Work required
Please repeat exactly, and only, the lines from the one containing "Introducing the Isabel" through the end of the records below, with no pictures.

[Input material — start]

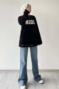 Modalamelif Yarım Fermuarlı Join Nakış Detaylı Peluş Sweat Siyah
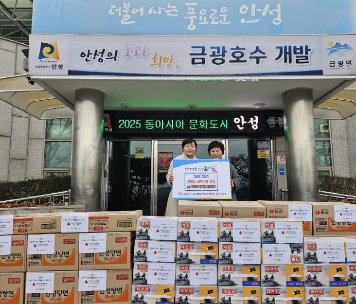 [뉴스앤톡] 안성시는 12월 23일, 금광면 주민자치위원회 양영순 위원장이 겨울철 취약계층 가구의 따뜻한 겨울나기를 돕기 위해 라면, 김 등 생필품 100만원 상당을 금광면 행정복지센터에 기탁했다고 밝혔다.
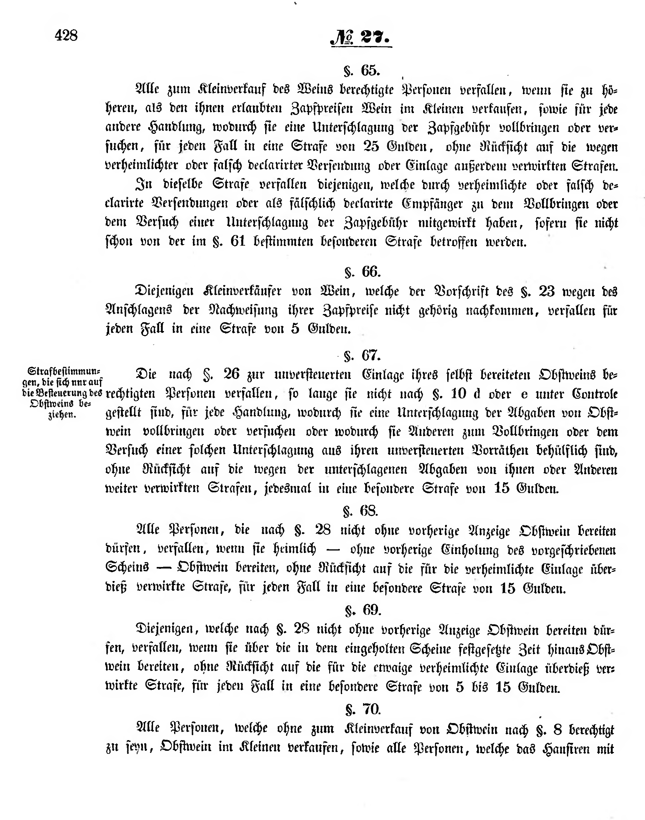 Alle zum Kleinverkauf des Weins berechtigte Personen verfallen, wenn sie zu höheren, als den ihnen erlaubten Zapfpreisen Wein im Kleinen verkaufen, sowie für jede andere Handlung, wodurch sie eine Unterschlagung der Zapfgebühr vollbringen oder versuchen, für jeden Fall in eine Strafe von 25 Gulden, ohne Rücksicht auf die wegen verheimlichter oder falsch declarirter Versendung oder Einlage außerdem verwirkten Strafen.
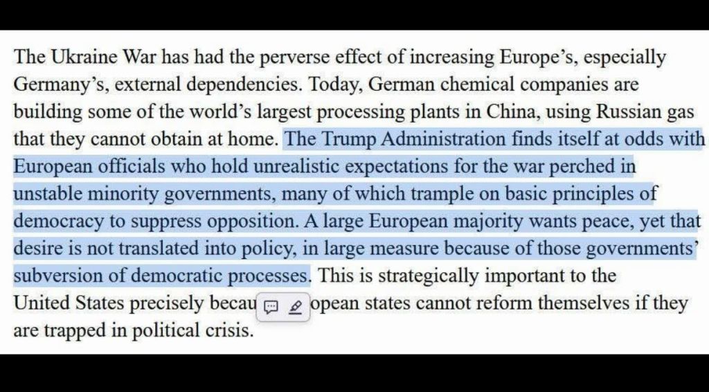 The strategy’s most striking departure lies in its assessment of Europe’s political systems. It explicitly notes that several European governments operate through unstable coalitions that suppress dissent to maintain foreign policy consensus. The document records a widening gap between public opinion and policy on the war in Ukraine, sanctions, and energy costs. Survey data from European polling institutions consistently show majorities favouring negotiations, yet electoral and legal mechanisms increasingly insulate decision-makers from those preferences. The strategy does not frame this as a temporary distortion but as a structural feature of contemporary European governance.
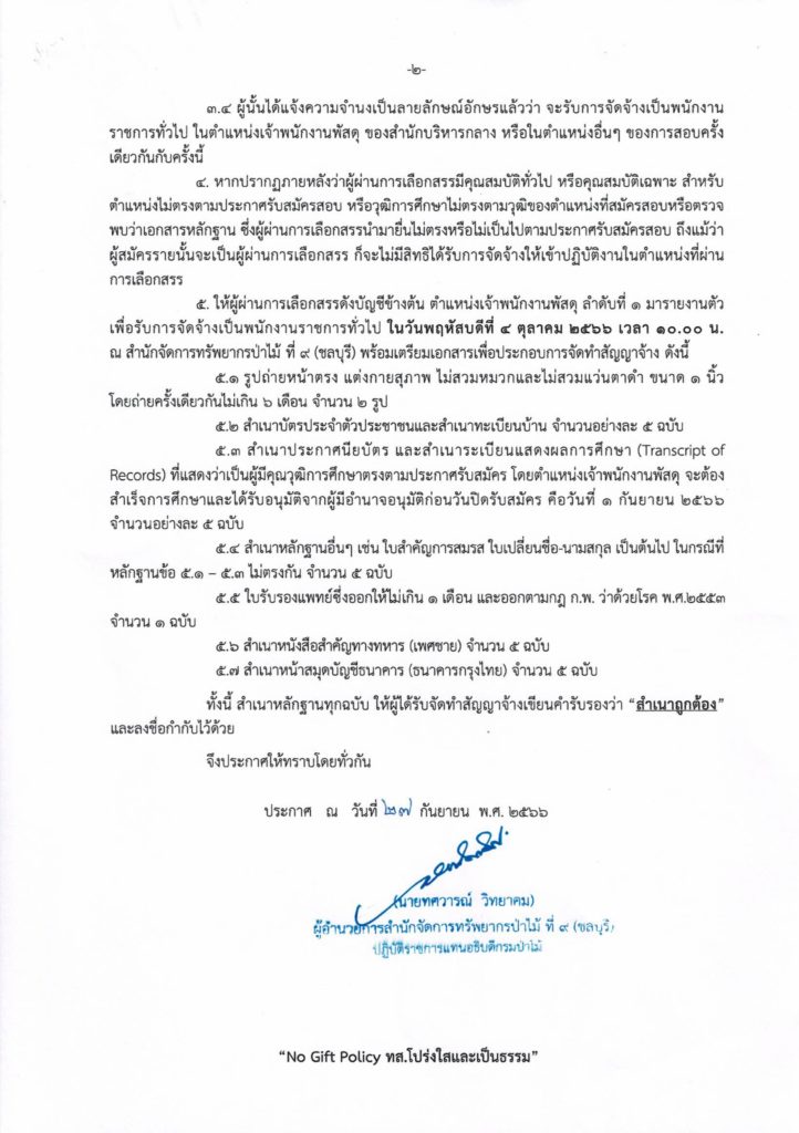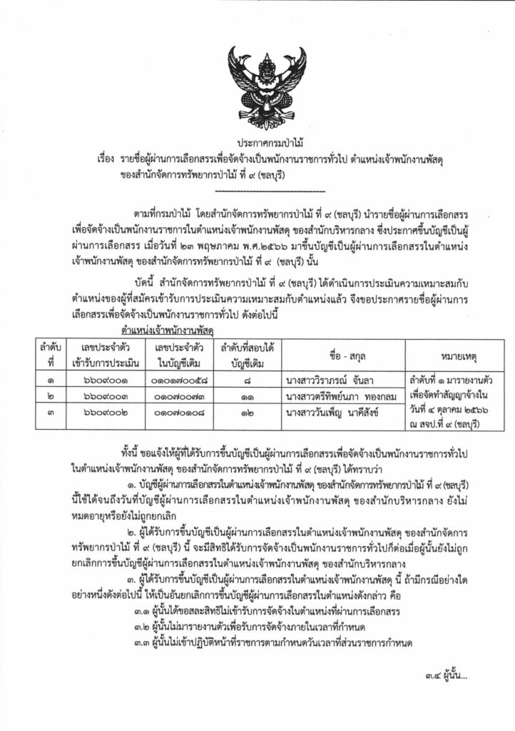 ประกาศกรมป่าไม้ เรื่อง รายชื่อผู้ผ่านการเลือกสรรเพื่อจัดจ้างเป็นพนักงานราชการทั่วไป ตำแหน่งเจ้าพนักงานพัสดุ ของสำนักจัดการทรัพยากรป่าไม้ที่ 9 (ชลบุรี) ประกาศ ณ วันที่ 27 กันยายน พ.ศ. 2566
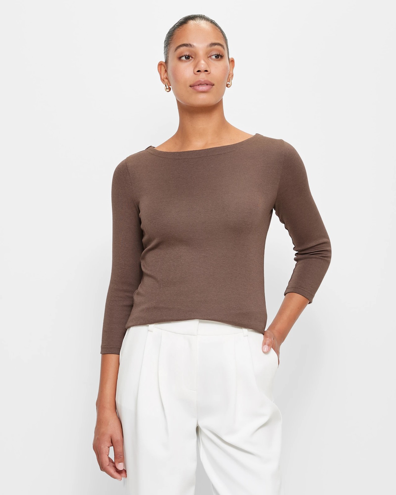 Introducing the Isabel Boat Neck Top by Preview. This stylish top is made from a cotton/modal blend, providing a comfortable and stretchy fit. Featuring a regular fit with a flattering boat neckline and 3/4 sleeves, this top is perfect for any occasion. The straight hemline adds a touch of elegance to your look. Whether you're going for a casual day out or dressing up for a special event, the Isabel Boat Neck Top is the perfect addition to your wardrobe.
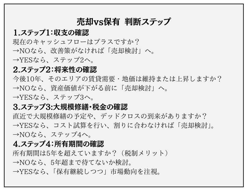 最も大きな悩みの一つが「この物件を今売るべきか、それとも持ち続けるべきか」という決断です。

[Input material — finish]

Solved problem
 Introducing the Isabel Boat Neck Top by Preview. This stylish top is made from a cotton/modal blend, providing a comfortable and stretchy fit. Featuring a regular fit with a flattering boat neckline and 3/4 sleeves, this top is perfect for any occasion. The straight hemline adds a touch of elegance to your look. Whether you're going for a casual day out or dressing up for a special event, the Isabel Boat Neck Top is the perfect addition to your wardrobe.
 最も大きな悩みの一つが「この物件を今売るべきか、それとも持ち続けるべきか」という決断です。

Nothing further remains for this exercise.